— TASK —
Only an exact repetition of the lines from the one holding "점점 비싸지는 제주도" to the end of the data is wanted, with pictures left out.

— MATERIAL SUPPLIED —

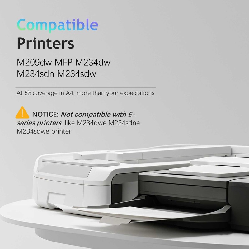 - NOTICE: Not compatible with E-series printers, like M234dwe M234sdne M234sdwe printer/ Message of Cartridge Low might be popped up every time you start printing, please ignore it since we are applying transferred chip/ Cartridge might not be able to show the print pages
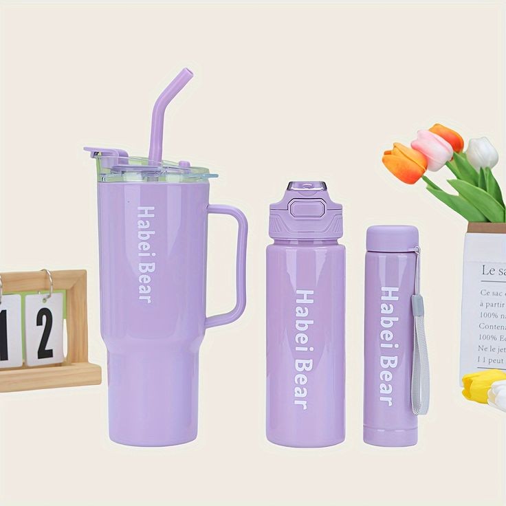 Introducing our premium Tumbler 3-Piece Bottle Set with Straw, designed for those who appreciate both functionality and style in their beverage containers. Each tumbler in this set is crafted from high-quality, BPA-free plastic, ensuring that your drinks remain safe and free from harmful chemicals. The sleek design features a double-wall construction that not only keeps your beverages at the desired temperature for longer periods but also prevents condensation from forming on the exterior, keeping your hands and surfaces dry. With a generous capacity, these tumblers are perfect for a variety of drinks, including iced coffee, smoothies, and refreshing water infusions.
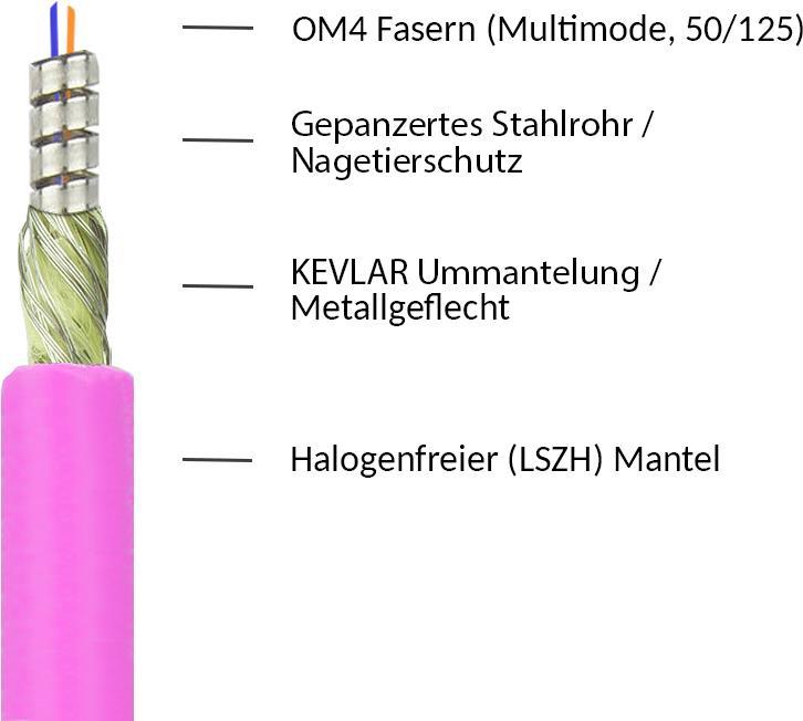 Im Vergleich zu Standard LWL Patchkabel sind diese Kabel zusätzlich durch ein flexibles und gepanzertes Stahlrohr sowie Kevlar-Litzen und ein Metallgeflecht geschützt. Durch diesen hochwertigen und robusten Kabelaufbau ist das Kabel trittfest, bietet Schutz vor Nagetieren und kommt überall zum Einsatz, wo es auf höchste Zuverlässigkeit ankommt.
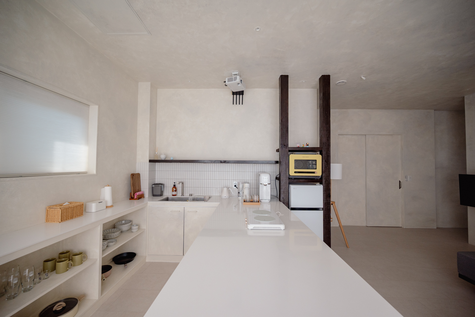 점점 비싸지는 제주도 물가로 인해, 제주여행에 합리성을 갖추고자 가성비 있는 가격과 숙소안에서 인덕션, 삼성큐커(그릴, 에어프라이어, 전자레인지, 토스터기), 캡슐커피머신과 건조기능이 포함된 드럼세탁기까지 준비되어 있어 편리성을 갖추었습니다.
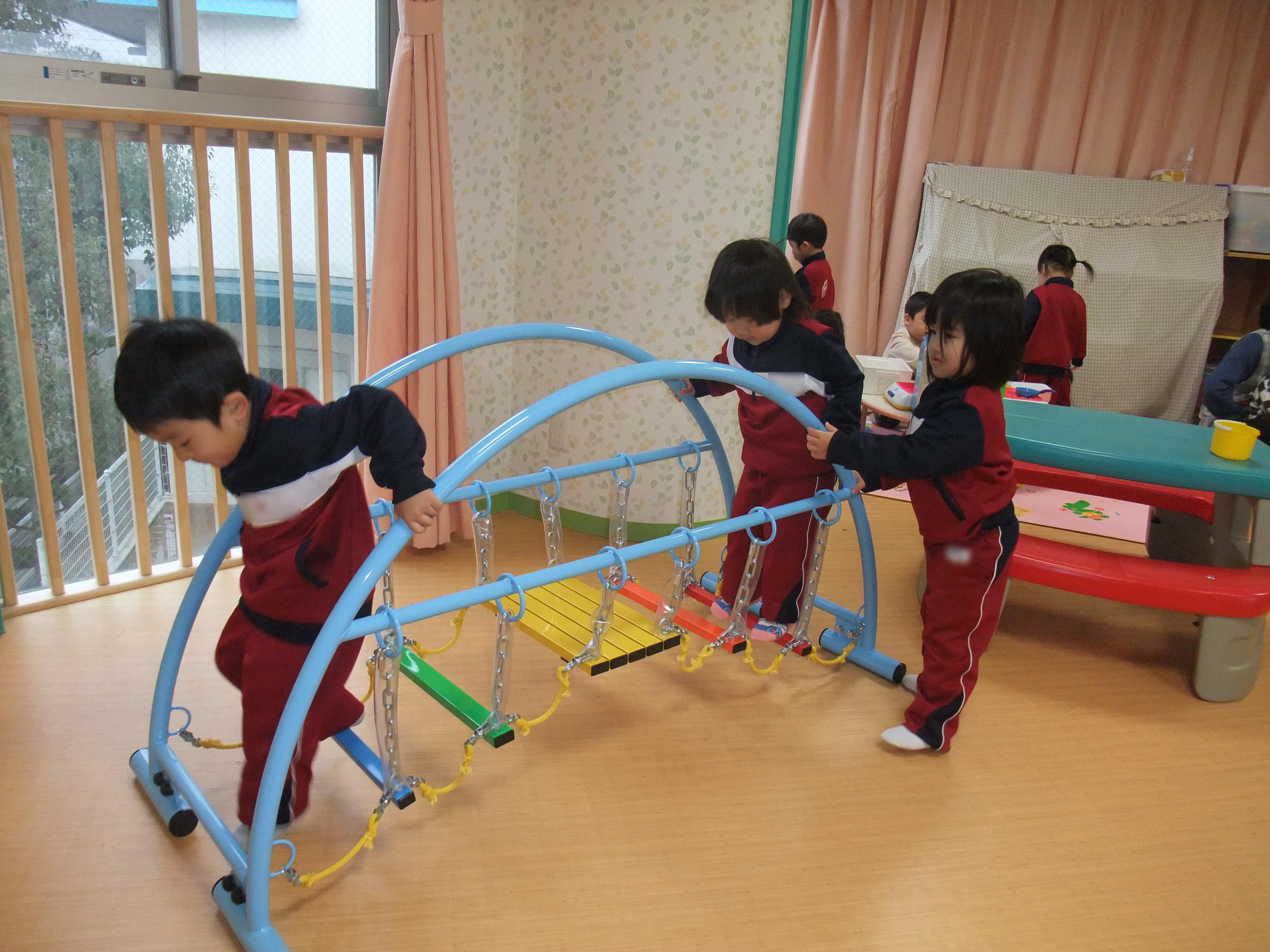お部屋でも元気いっぱいです 2023年01月27日(金) 北風小僧のかんたろうが、ヒュルルルンと今年も園庭にやってきましたよ。 今日は雨も降っているので、お外に行けない子ども達。 お部屋で元気いっぱい体を動かして遊んでいます。

— YOUR SOLUTION —
 점점 비싸지는 제주도 물가로 인해, 제주여행에 합리성을 갖추고자 가성비 있는 가격과 숙소안에서 인덕션, 삼성큐커(그릴, 에어프라이어, 전자레인지, 토스터기), 캡슐커피머신과 건조기능이 포함된 드럼세탁기까지 준비되어 있어 편리성을 갖추었습니다.
お部屋でも元気いっぱいです 2023年01月27日(金) 北風小僧のかんたろうが、ヒュルルルンと今年も園庭にやってきましたよ。 今日は雨も降っているので、お外に行けない子ども達。 お部屋で元気いっぱい体を動かして遊んでいます。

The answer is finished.